WORK TO COMPLETE: Your copy of the entries below should hold exactly the lines from the one containing "海南椰树牌椰汁椰果椰汁 无糖椰子汁饮料245ml*24罐整箱生榨椰奶" to the one containing "Click here to", inclusive, and no pictures.

Data extracted from a collection
┄┄┄┄┄┄

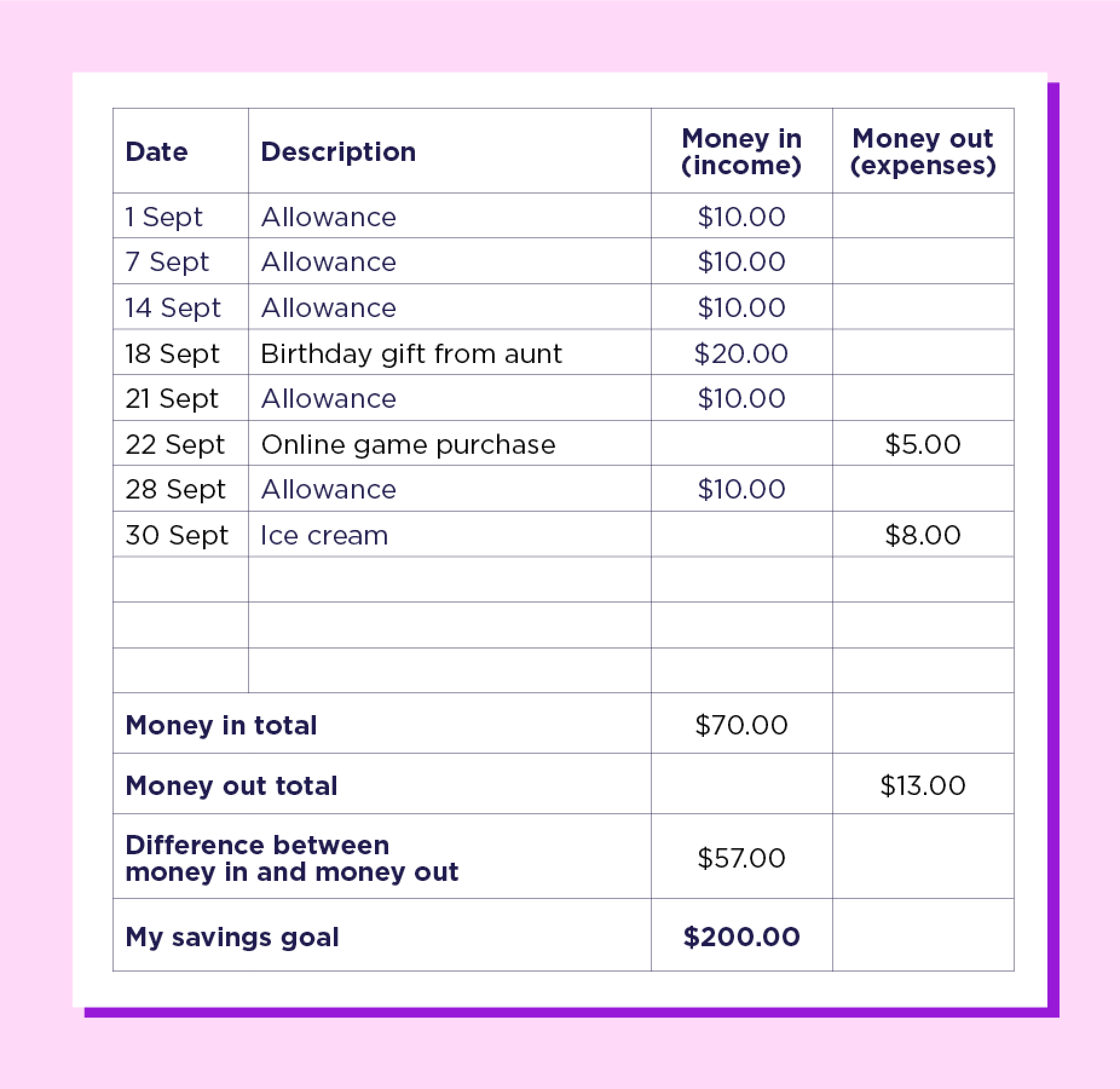 For example, if you got less money for your birthday than you thought you would, or the cost to catch the bus has increased, these are things you can’t control. But if you got less allowance because you didn’t do your chores, or you spent extra money on snacks — these are things you can consider changing next time around.
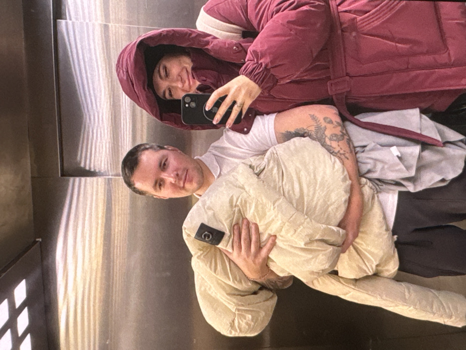 Inside an elevator in Красный Маяк, Russia, a mirror selfie depicts two individuals. A male, positioned on the left, has short dark hair, wears a white polo shirt and dark trousers. He holds a bundled light beige puffer jacket in his left arm and additional grey fabric in his right. Tattoos are visible on his right forearm. A female, on the right, wears a dark red hooded puffer coat with the hood up, a dark beanie, and a ring on her left ring finger. She holds a dark smartphone, likely an iPhone, with which she is capturing the image. Both individuals are looking towards the camera with faint smiles. The elevator interior features brushed metallic walls and square overhead lights.
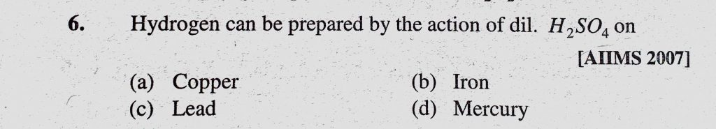 Hydrogen can be prepared by the action of dil. H2SO4 on (a) Copper (b) Iron (c) Lead (d) Mercury Hydrogen can be prepared by the action of dil. H2SO4 on (a) Copper (b) Iron (c) Lead (d) Mercury November 12, 2020 Category: Uncategorised (JEE Advanced Physics by BM Sharma + GMP Solutions) , Facebook Messenger WhatsApp Share this:TwitterFacebook Related
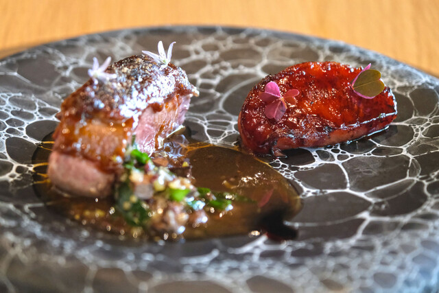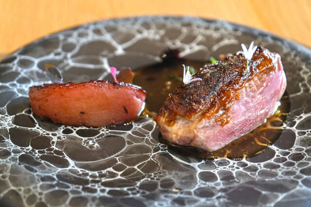 あいち鴨のレバーとニラを使ったソースで
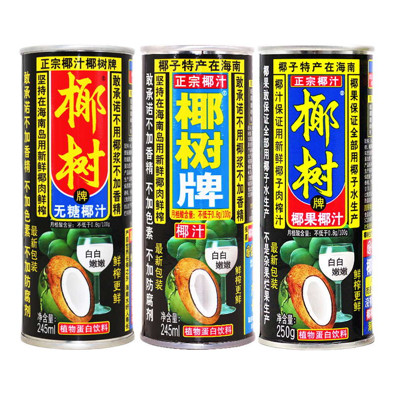 海南椰树牌椰汁椰果椰汁 无糖椰子汁饮料245ml*24罐整箱生榨椰奶
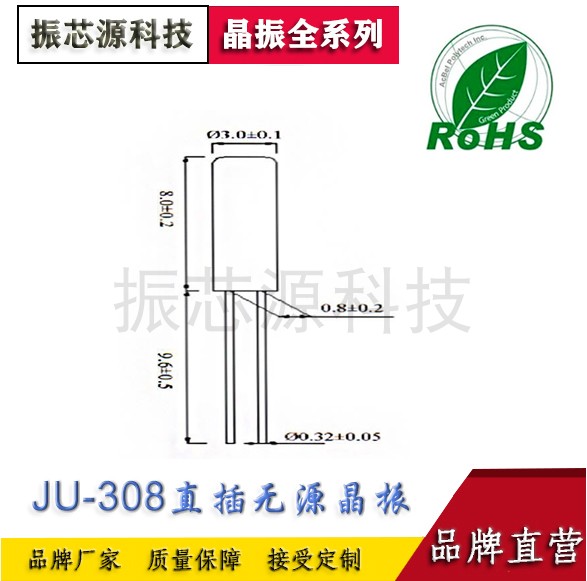 Factory direct sales 308 straight inserts crystal oscillator 20MHZ 20PF cylindrical quartz crystal resonator 10PPM3 * 8
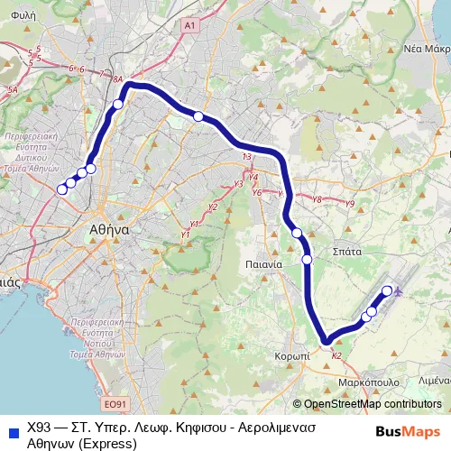 Click here to view the nearest Χ93 - ΣΤ. Υπερ. Λεωφ. Κηφισου - Αερολιμενασ Αθηνων (Express) bus stop.
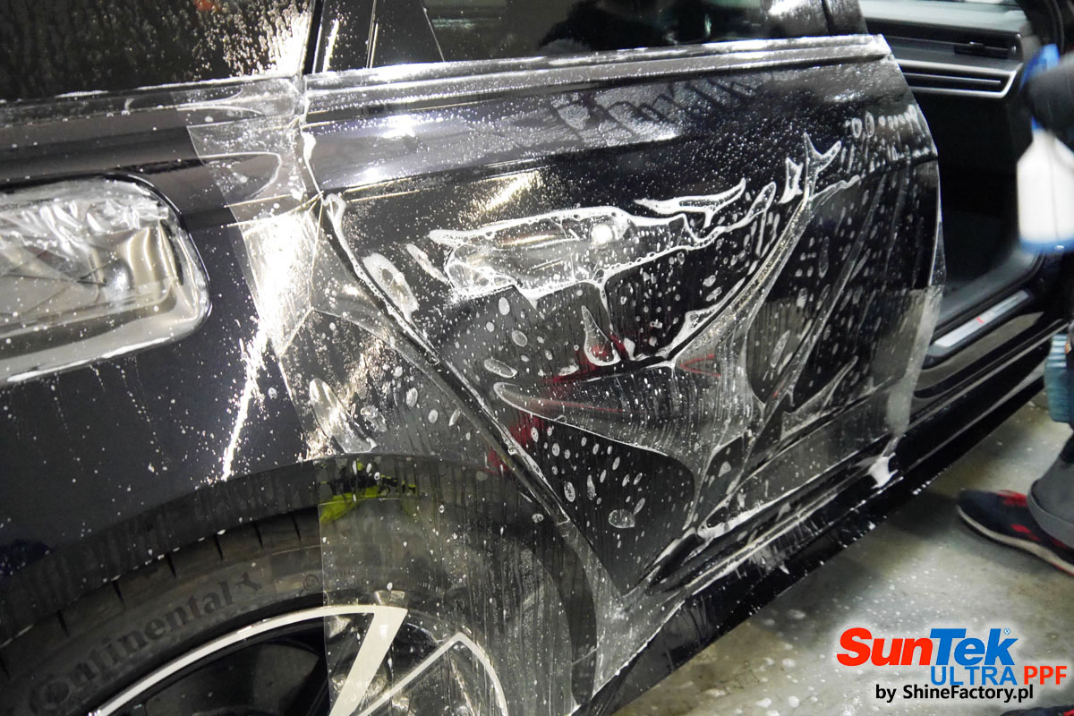 Oklejone zostało dokładnie całe auto w celu ochrony przed wszelkimi uszkodzeniami jak np. odpryski od kamieni, piaskowanie od żwiru drogowego, mocniejszymi rysami, obiciami czy nawet drobnymi obcierkami parkingowymi. Dokładnie oklejone zostały:

┄┄┄┄┄┄

SOLUTION:
 海南椰树牌椰汁椰果椰汁 无糖椰子汁饮料245ml*24罐整箱生榨椰奶
 Factory direct sales 308 straight inserts crystal oscillator 20MHZ 20PF cylindrical quartz crystal resonator 10PPM3 * 8
 Click here to view the nearest Χ93 - ΣΤ. Υπερ. Λεωφ. Κηφισου - Αερολιμενασ Αθηνων (Express) bus stop.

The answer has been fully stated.